Key Parameters for Variable-Rate Technology Soybean Prescriptions
- Growers have been collecting numerous spatial data layers over many years for their fields including elevation, soil sampling and soil survey data.
- Many growers also have variable-rate technology on their planters, but are unsure of which data layer(s) to use when creating variable-rate technology seeding prescriptions for soybean.
- Determine key parameters that predict soybean yield in Wisconsin.
|High (left) and low (right) seeding rates on Sept. 9, 2013.
- Conducted on 11 Wisconsin fields in 2013 and 12 fields in 2014.
- High (+30%), standard, and low (-30%) seeding rates were randomly assigned to predetermined strips across each field.
- Standard rates were the growers’ typical rates for each field.
- Soil samples and plant stand counts were taken after emergence at predetermined grid points.
- As-planted and harvest data were collected from growers.
- Random Forest and decision tree analyses were used to determine the most important parameters for predicting yield.
|Locations of Wisconsin variable-rate technology study for 2013 and 2014.

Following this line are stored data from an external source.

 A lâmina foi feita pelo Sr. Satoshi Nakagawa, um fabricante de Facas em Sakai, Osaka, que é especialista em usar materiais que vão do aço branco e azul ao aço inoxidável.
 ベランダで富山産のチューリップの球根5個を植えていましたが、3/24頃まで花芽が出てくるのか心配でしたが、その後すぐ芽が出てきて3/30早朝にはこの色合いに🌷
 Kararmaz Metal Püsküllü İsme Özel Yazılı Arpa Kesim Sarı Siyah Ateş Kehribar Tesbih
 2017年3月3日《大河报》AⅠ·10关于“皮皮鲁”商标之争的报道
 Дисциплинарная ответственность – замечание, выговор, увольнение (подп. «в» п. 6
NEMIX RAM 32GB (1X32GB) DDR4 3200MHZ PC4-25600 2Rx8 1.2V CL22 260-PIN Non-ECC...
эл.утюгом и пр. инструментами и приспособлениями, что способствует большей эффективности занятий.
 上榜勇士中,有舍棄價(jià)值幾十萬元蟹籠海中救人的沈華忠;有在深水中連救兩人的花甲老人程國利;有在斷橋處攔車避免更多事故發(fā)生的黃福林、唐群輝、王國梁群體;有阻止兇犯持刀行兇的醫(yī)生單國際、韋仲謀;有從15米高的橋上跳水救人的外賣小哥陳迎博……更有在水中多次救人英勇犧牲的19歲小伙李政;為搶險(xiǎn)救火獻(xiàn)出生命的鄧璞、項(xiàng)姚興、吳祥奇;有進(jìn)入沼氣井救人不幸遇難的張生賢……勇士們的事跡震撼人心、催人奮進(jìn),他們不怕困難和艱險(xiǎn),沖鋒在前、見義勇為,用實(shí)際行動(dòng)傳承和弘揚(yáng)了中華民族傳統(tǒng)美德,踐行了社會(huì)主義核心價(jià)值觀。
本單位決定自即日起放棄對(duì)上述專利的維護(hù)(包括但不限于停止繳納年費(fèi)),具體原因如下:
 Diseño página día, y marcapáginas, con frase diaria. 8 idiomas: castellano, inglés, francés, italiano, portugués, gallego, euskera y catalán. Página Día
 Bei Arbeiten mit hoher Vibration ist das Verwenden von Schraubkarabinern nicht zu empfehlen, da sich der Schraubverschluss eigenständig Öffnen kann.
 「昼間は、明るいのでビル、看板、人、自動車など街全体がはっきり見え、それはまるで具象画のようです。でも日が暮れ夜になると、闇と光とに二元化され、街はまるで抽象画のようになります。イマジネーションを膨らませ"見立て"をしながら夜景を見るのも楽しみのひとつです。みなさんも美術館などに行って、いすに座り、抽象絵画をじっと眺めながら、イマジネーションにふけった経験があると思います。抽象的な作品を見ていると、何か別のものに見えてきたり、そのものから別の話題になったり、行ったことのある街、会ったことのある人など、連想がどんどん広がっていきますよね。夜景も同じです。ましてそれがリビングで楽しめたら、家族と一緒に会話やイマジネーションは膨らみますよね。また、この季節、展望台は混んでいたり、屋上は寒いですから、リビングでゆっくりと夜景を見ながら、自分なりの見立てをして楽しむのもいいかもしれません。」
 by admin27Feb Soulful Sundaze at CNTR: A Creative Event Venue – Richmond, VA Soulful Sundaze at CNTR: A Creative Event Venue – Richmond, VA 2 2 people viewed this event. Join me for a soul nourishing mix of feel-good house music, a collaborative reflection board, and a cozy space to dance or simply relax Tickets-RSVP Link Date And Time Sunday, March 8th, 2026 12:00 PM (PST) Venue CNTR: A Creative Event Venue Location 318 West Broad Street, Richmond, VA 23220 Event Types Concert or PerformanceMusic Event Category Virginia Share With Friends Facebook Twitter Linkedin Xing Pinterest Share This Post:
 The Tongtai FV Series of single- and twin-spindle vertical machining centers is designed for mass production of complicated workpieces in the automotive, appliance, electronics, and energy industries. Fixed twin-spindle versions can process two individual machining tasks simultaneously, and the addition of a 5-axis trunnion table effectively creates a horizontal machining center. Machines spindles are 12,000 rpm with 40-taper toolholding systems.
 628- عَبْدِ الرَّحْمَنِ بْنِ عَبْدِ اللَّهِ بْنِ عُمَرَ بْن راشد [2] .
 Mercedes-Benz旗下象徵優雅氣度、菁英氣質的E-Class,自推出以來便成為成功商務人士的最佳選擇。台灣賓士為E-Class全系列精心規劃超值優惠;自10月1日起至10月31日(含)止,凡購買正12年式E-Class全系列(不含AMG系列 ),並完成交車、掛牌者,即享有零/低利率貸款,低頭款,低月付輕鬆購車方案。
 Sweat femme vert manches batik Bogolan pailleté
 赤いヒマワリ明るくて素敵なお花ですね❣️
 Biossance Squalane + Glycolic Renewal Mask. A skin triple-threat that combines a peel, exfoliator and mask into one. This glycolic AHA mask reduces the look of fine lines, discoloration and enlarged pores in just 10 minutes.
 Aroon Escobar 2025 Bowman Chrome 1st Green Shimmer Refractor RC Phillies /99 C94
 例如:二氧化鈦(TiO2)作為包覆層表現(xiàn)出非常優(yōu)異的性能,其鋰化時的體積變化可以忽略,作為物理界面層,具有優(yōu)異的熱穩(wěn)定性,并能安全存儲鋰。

- Soil type was the most important factor for the entire 2013 pooled dataset when used to predict soybean yield (Figure 1).
- Cross-validation procedures found the next 5 most important variables in order were also useful in predicting yield:
- Soil phosphorus (ppm)
- Soil organic matter (%)
- Soil water storage capacity from 0-39 in. depth (in.)
- Elevation (ft)
- Soil pH
- Seeding rate was not an important variable in predicting yield in 2013.
- 2014 data are currently being analyzed.
Research conducted by Ethan Smidt, University of Wisconsin-Madison as a part of the DuPont Pioneer Crop Management Research Awards (CMRA) Program. This program provides funds for agronomic and precision farming studies by university and USDA cooperators throughout North America. The awards extend for up to four years and address crop management information needs of DuPont Pioneer agronomists and customers, and Pioneer sales professionals.
2013 data are based on average of all comparisons made in 11 locations through Jan. 1, 2014. Multi-year and multi-location is a better predictor of future performance. Do not use these or any other data from a limited number of trials as a significant factor in product selection. Product responses are variable and subject to a variety of environmental, disease, and pest pressures. Individual results may vary.